先週建設不動産のnoteを書いていた時は12月とはいえ、まだ本格的な年末感ってものはあまりなかったような気がするんですが、遂に12月も中旬ということで、そろそろちゃんと年末感出てきてるんじゃないでしょうか

たまたま、土曜日に我が家で仲のいい友達というか先輩というかと宅飲みをしまして「今年どうだった?」的な話をちらっとしまして、「あー、遂にこの話題が出るってことは本格的に年末なんだなぁ」と思いました。

そろそろ場合によっては、「良いお年を」的なご挨拶のタイミングになってきてるのかもしれないですね。

今週からちらほらと忘年会的な食事会も少し増えるので、より年末感が増してきそうです。

さて、今週ですが、サムネ画像にも出した通りでTechstars祭りでございます。
Techstars Workforce Development Acceleratorという従業員向けの福利厚生やスキルアップ、リスキリングなど労働市場の課題解決やニーズにこたえるためのスタートアップ向けプログラムがあるようで、それが11月にスタートアしています。

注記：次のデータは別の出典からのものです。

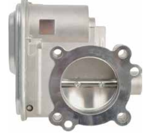
6E-7002 - High Demand! 2007-17 Jeep Trucks; Dodge/Chrysler 2.4 L Vehicles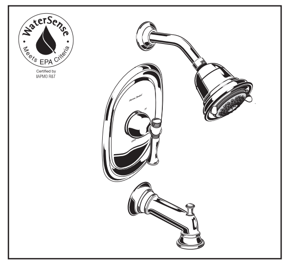
T440.508 Bath/Shower Trim Shown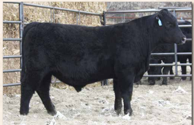
LYMANS CHERRY L106 Sells as Lot 79.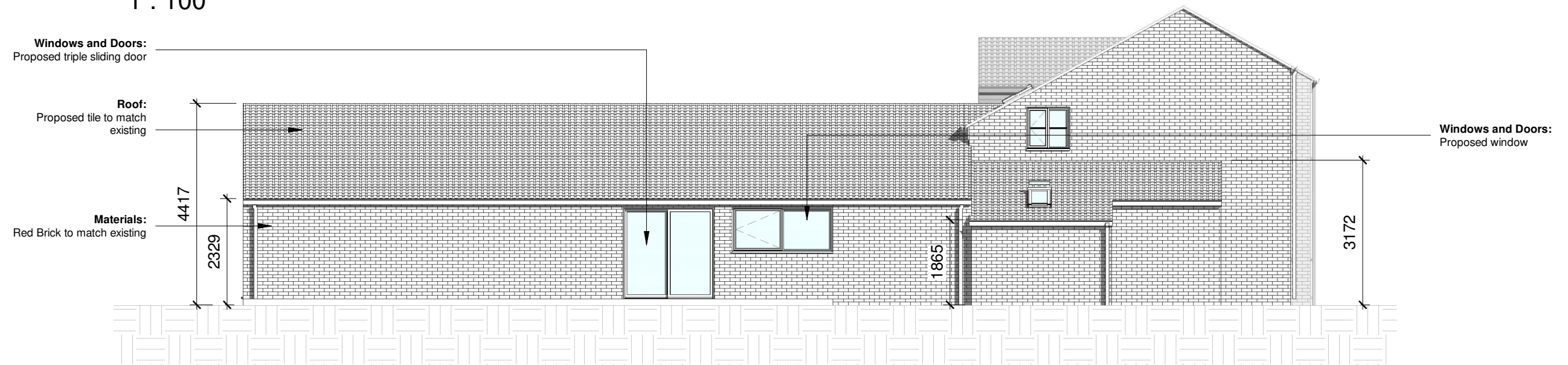
West 1 : 100

Do not scale from drawing. AM2 Ltd accept no responsibility for any dimensions obtained by measuring or scaling from this drawing and no reliance should be placed on such dimensions. If no dimension is given, it is the responsibility of the recipient to obtain the dimension specifically from the author or by site measurement. The sizing of all structural and service elements must always be checked against the relevant engineer's drawings. No reliance should be placed upon sizing information shown on this drawing.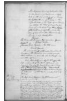
Rough minutes of Supreme Court of Judicature, April 1775 - January 1776 (NYSA_JN531-17_R005_1775-04-18_1776-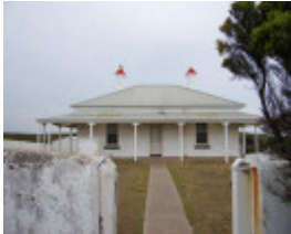
CAPE NELSON LIGHTSTATION SOHE 2008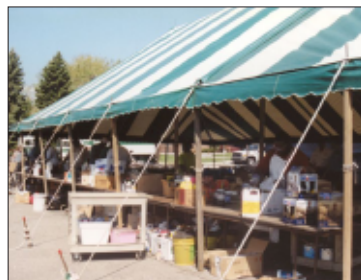
A community the size of Bloomfield Township discards seven tons of liquid household cleaner each month.

ers have take-back programs for a minimal charge. In addition, there are a number of Michigan-based e-waste recyclers who will accept electronic equipment for a reasonable fee. See a list at www.michigan.gov/deqrmmd , click on the "Miscellaneous" category and choose "electronic equipment" in the form.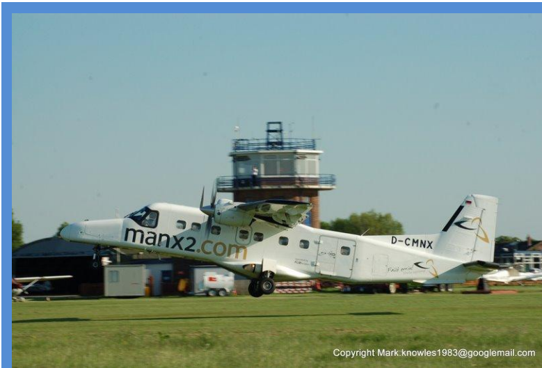
Dornier Do228 at City Airport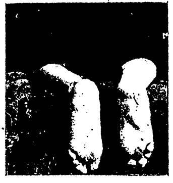
Fig. 3, Case 2.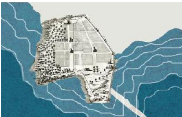
Figure 4. 11th -14th Century Medieval Period

Being an important site, Kollam was frequently mapped by Europeans from the sixteenth to nineteenth centuries.

その関係でTechstars Workforce Development Acceleratorから調達をした企業が今月の調達の半分を占めるという結果になっています。
後ほど、今回も3社のスタートアップをご紹介するのですが、そのうち2社はTechstarsからの調達企業になります。

今週以降の予定は下記のとおりです。

12月12日:教育@US
12月19日:ヘルスケア@US
12月26日:建設不動産@EU
1月3日:休み
1月9日:休み
1月16日:12月建設不動産@US
1月23日:12月教育@US
1月30日:12月ヘルスケア@US

1月の1回目と2回目はお休みにする予定でございます。

それでは本編に入っていきましょう

11月のサマリー

■対象企業
所在地:アメリカ
対象領域:教育領域
企業ステージ:PreSeed~SeriesA
ファイナンス時期:2022年11月1日~11月30日まで

初めにいつも通り、調達企業数の推移からですが、先週取り上げた建設不動産@US同様に教育領域についても少し増えていて数が少ないのであれですが、一応下半期最高の件数となりました。

ただ冒頭でも書いた通りでこのうち半数がTechstars Workforce Development Acceleratorの参加企業なので、実質このアクセラがなければ今季最低タイだったということになるので喜んでいいのか悲しむべきなのか何とも言えない所です。

ステージ分布で行くとアクセラ参加企業が半数ということもありほとんどPreSeedでSeriesAについては久々になしということになりました。

カテゴリーの分布を見ると、アクセラの影響もあり、ビジネススキル拡張系系が中心になってますが、教育支援ツールが多くなっているのも今月の特徴かと思います。
個別に取り上げはしないのですが、授業のメモをAIが自動で作成してくれて、資料の読み込みなどにかかる時間を削減し、勉強に割ける時間を増やす手伝いをしてくれるツールなんかもありました。

というわけで、今月の調達企業からは、ビジネススキル拡張系サービス1社と教育支援ツール(広義でのものも含む)2社をご紹介させていただきます。

①【Emerge Career】元受刑者向けスキルアッププログラム

設立:2022年
今回調達金額:$3.2M
調達総額:$3.2M
リード投資家:Seven Seven Six
サービス内容等:
サービスの話の前に投資家の顔ぶれの話なんですが、リードではないですが、このラウンドにYcomが入っていて、数年前に少し話題になっていた非白人系US企業に投資するソフトバンクグループのファンドである「SB Opportunity Fund」も投資家として入っています。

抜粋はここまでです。